Absolute Event Rate: 4.8% vs 4%
p-value: p=0.001
The FK506-binding protein FKBP12.6 is tightly associated with the cardiac sarcoplasmic reticulum (SR) Ca(2+)-release channel (ryanodine receptor type 2 RyR2), but the physiological function of FKBP12.6 is unclear. We used adenovirus (Ad)-mediated gene transfer to overexpress FKBP12.6 in adult rabbit cardiomyocytes. Western immunoblot and reverse transcriptase-polymerase chain reaction analysis revealed specific overexpression of FKBP12.6, with unchanged expression of endogenous FKBP12. FKBP12.6-transfected myocytes displayed a significantly higher (21%) fractional shortening (FS) at 48 hours after transfection compared with Ad-GFP-infected control cells (4.8+/-0.2% FS versus 4+/-0.2% FS, respectively; n=79 each; P:=0.001). SR-Ca(2+) uptake rates were monitored in beta-escin-permeabilized myocytes using Fura-2. Ad-FKBP12.6-infected cells showed a statistically significant higher rate of Ca(2+) uptake of 0.8+/-0.09 nmol/s(-)(1)/10(6) cells (n=8, P:<0.05) compared with 0.52+/-0.1 nmol/s(-)(1)/10(6) cells in sham-infected cells (n=8) at a Ca(2+) of 1 micromol/L. In the presence of 5 micromol/L ruthenium red to block Ca(2+) efflux via RyR2, SR-Ca(2+) uptake rates were not significantly different between groups. From these measurements, we calculate that SR-Ca(2+) leak through RyR2 is reduced by 53% in FKBP12.6-overexpressing cells. Caffeine-induced contractures were significantly larger in Ad-FKBP12.6-infected myocytes compared with Ad-GFP-infected control cells, indicating a higher SR-Ca(2+) load. Taken together, these data suggest that FKBP12.6 stabilizes the closed conformation state of RyR2. This may reduce diastolic SR-Ca(2+) leak and consequently increase SR-Ca(2+) release and myocyte shortening.

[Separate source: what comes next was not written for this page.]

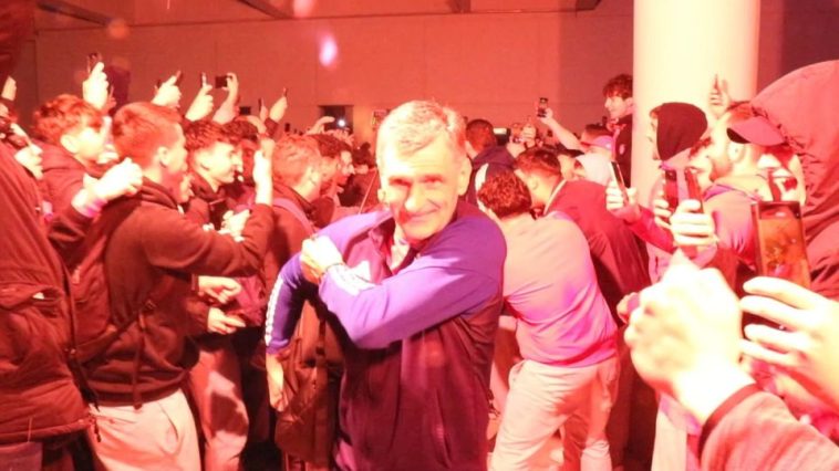 Παρότι ξημερώματα το αεροδρόμιο Ελευθέριος Βενιζέλος περικυκλώθηκε απο χιλιάδες φιλάθλους του Ολυμπιακού που υποδέχτηκαν την ομάδα τους με τιμές μετά την μεγάλη νίκη επί της Μακάμπι με 6-1 στο Βελιγράδι.

Prestle et al. (Fri,) reported a other. Adenovirus-mediated gene transfer to overexpress FKBP12.6 vs. Ad-GFP-infected control cells was evaluated on Fractional shortening (FS) at 48 hours after transfection (p=0.001). Overexpression of FKBP12.6 in adult rabbit cardiomyocytes significantly increased fractional shortening compared with control cells (4.8% vs 4.0%, P=0.001) and reduced SR-Ca2+ leak.